■ TASK DESCRIPTION ■
All entries below are to be written out again exactly, but no picture is to be copied.

■ SOURCE DATA ■
____________
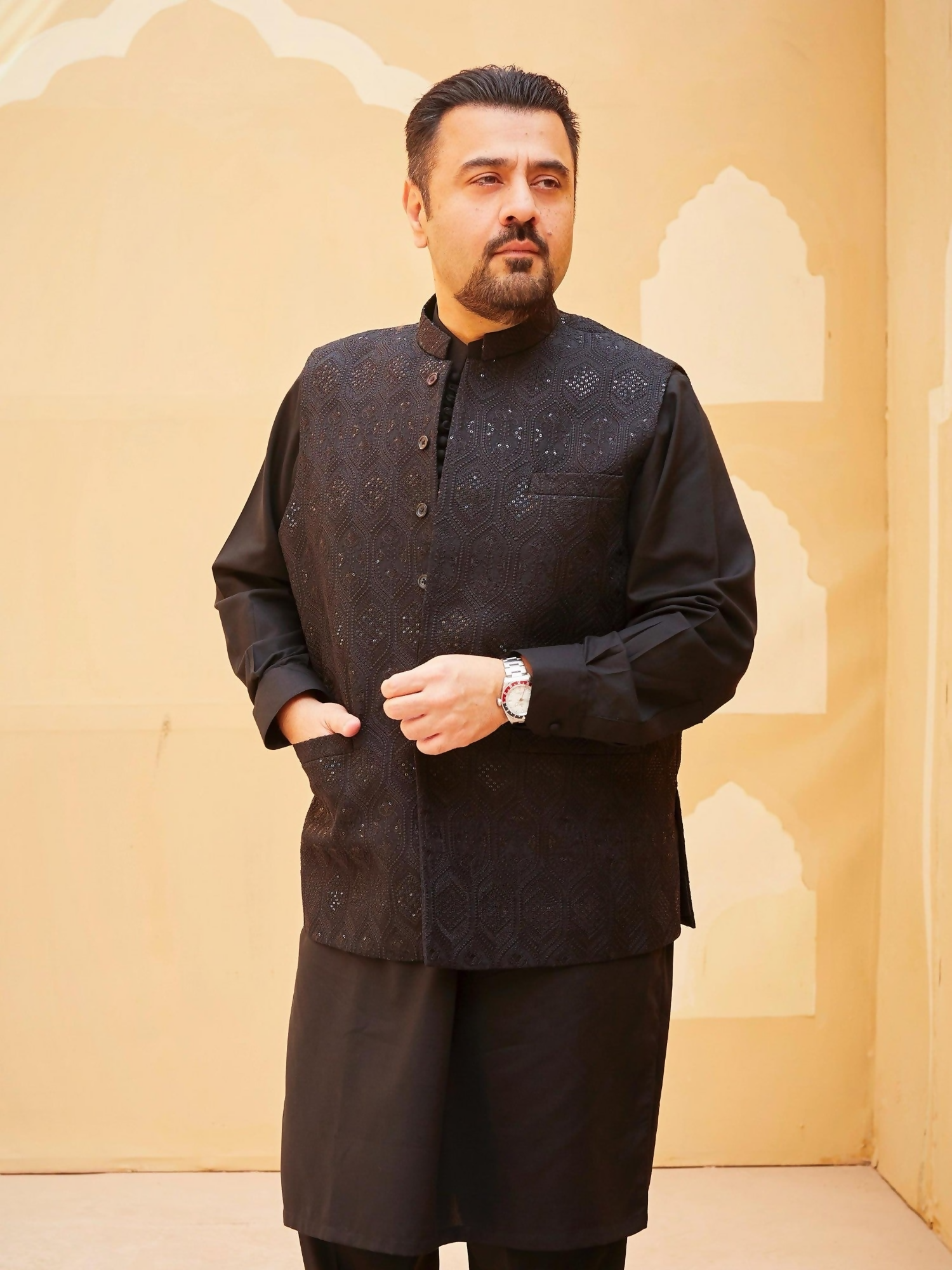 A black raw silk waistcoat crafted with refined tonal embroidery, offering timeless elegance for Pakistani formal wear. Designed in a regular-fit single-layer silhouette, this piece is ideal for nikah, baraat, and reception occasions, blending understated luxury with classic tailoring.
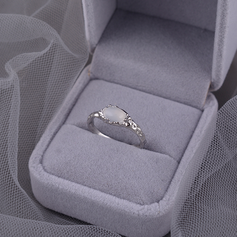 925纯银白玛瑙戒指女小众设计高级轻奢开口食指戒可调节ins潮刻字
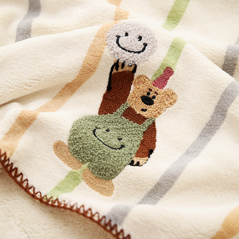 当前位置: 91家纺网 > 商品网购 > 居家日用 > 毛巾/浴巾/浴袍 > 浴巾 > 朴尔家纺-毛巾被 2024新款毛巾绣勾边小格快乐鸭AB版珊瑚绒速吸速干毛巾浴巾 背带熊-米白浴巾
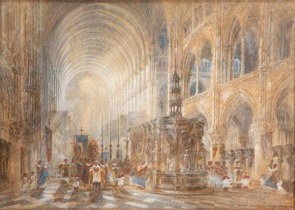 This work is typical of the artist's oeuvre, as he almost exclusively painted interiors of British and European churches and cathedrals. The artist was born in Shropshire and was President of the Royal Society of British Artists from 1887 until his death.
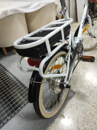 Bicicleta eléctrica Nilox de paseo, ideal para desplazamientos urbanos.NO LE FUNCIONA LA BATERIA. - Color blanco. - Cesta delantera marrón. - Portabultos trasero blanco. - Sillín marrón.
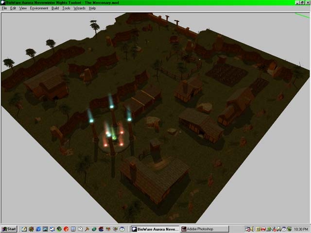 This is a prefabricated area intended to be the base of opereations for a mercenary band called Dalgon's Teeth. The name pops up in a few places, most of which are item descriptions. I placed a few people around as demonstartions of how they look, and I am quite pleased with some of the people. The only NPC with a conversation is the merchant, and I included responses for both intelligent and unintelligent characters. He will sell the equipment that you can currently see on display, as well as a few items you can't. (variants of the 2 wizards' staves, a few rings, and the warriors' helmets.) I included some more info in the attached readme file, and I only wish a little feedback so I can make some more stuff that might be desired. The glowing altar area is intended to be a respawn portal, but I can't script so I left that to the module maker.
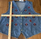 This VTG Bobbie Brooks Women's Denim Vest in XL size features a blue floral embroidered design, making it a stylish and unique addition to any wardrobe. With a relaxed fit and short length, this lightweight vest is perfect for casual, travel, or workwear occasions during the summer, fall, or spring seasons. Made of cotton denim, this vintage piece from the 90s exudes a Western, bohemian, and retro vibe, adding a touch of flower-themed art to your look. Easy to care for with machine washable instructions, this collarless vest is a versatile and timeless choice for women who love a blend of classic and trendy styles.
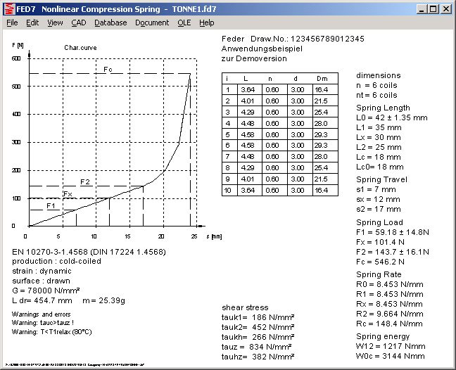 For more complex springs (> 20 segments), FED7 draws a spring shape drawing instead.
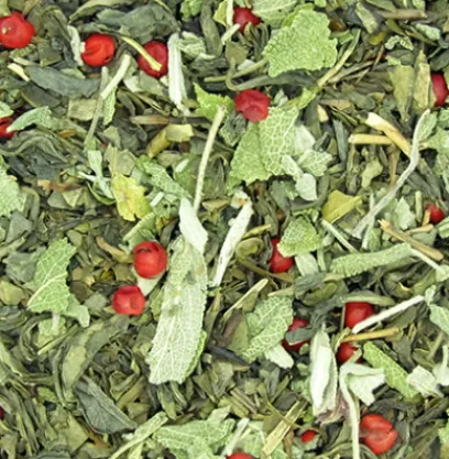Le thé à la sauge Jardin Royal est un mélange de thé vert Chun Mee, avec des agrumes, des feuilles de sauge (et non pas sous forme d’huiles essentielles) avec une légère note de banane qui adoucit les agrumes. Quelques baies rouges viennent agréablement décorer l’ensemble.
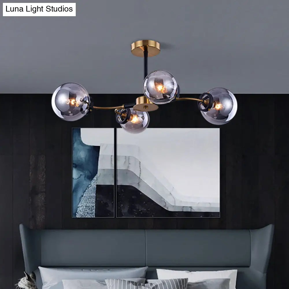 DecorBites™ DecorBites™ Mid Century Smoke Grey Glass Semi Flush Ceiling Light Fixture - 4 Bulbs for Bedroom Lighting
____________
■ YOUR SOLUTION ■
 A black raw silk waistcoat crafted with refined tonal embroidery, offering timeless elegance for Pakistani formal wear. Designed in a regular-fit single-layer silhouette, this piece is ideal for nikah, baraat, and reception occasions, blending understated luxury with classic tailoring.
 925纯银白玛瑙戒指女小众设计高级轻奢开口食指戒可调节ins潮刻字
 当前位置: 91家纺网 > 商品网购 > 居家日用 > 毛巾/浴巾/浴袍 > 浴巾 > 朴尔家纺-毛巾被 2024新款毛巾绣勾边小格快乐鸭AB版珊瑚绒速吸速干毛巾浴巾 背带熊-米白浴巾
 This work is typical of the artist's oeuvre, as he almost exclusively painted interiors of British and European churches and cathedrals. The artist was born in Shropshire and was President of the Royal Society of British Artists from 1887 until his death.
 Bicicleta eléctrica Nilox de paseo, ideal para desplazamientos urbanos.NO LE FUNCIONA LA BATERIA. - Color blanco. - Cesta delantera marrón. - Portabultos trasero blanco. - Sillín marrón.
 This is a prefabricated area intended to be the base of opereations for a mercenary band called Dalgon's Teeth. The name pops up in a few places, most of which are item descriptions. I placed a few people around as demonstartions of how they look, and I am quite pleased with some of the people. The only NPC with a conversation is the merchant, and I included responses for both intelligent and unintelligent characters. He will sell the equipment that you can currently see on display, as well as a few items you can't. (variants of the 2 wizards' staves, a few rings, and the warriors' helmets.) I included some more info in the attached readme file, and I only wish a little feedback so I can make some more stuff that might be desired. The glowing altar area is intended to be a respawn portal, but I can't script so I left that to the module maker.
 This VTG Bobbie Brooks Women's Denim Vest in XL size features a blue floral embroidered design, making it a stylish and unique addition to any wardrobe. With a relaxed fit and short length, this lightweight vest is perfect for casual, travel, or workwear occasions during the summer, fall, or spring seasons. Made of cotton denim, this vintage piece from the 90s exudes a Western, bohemian, and retro vibe, adding a touch of flower-themed art to your look. Easy to care for with machine washable instructions, this collarless vest is a versatile and timeless choice for women who love a blend of classic and trendy styles.
 For more complex springs (> 20 segments), FED7 draws a spring shape drawing instead.
Le thé à la sauge Jardin Royal est un mélange de thé vert Chun Mee, avec des agrumes, des feuilles de sauge (et non pas sous forme d’huiles essentielles) avec une légère note de banane qui adoucit les agrumes. Quelques baies rouges viennent agréablement décorer l’ensemble.
 DecorBites™ DecorBites™ Mid Century Smoke Grey Glass Semi Flush Ceiling Light Fixture - 4 Bulbs for Bedroom Lighting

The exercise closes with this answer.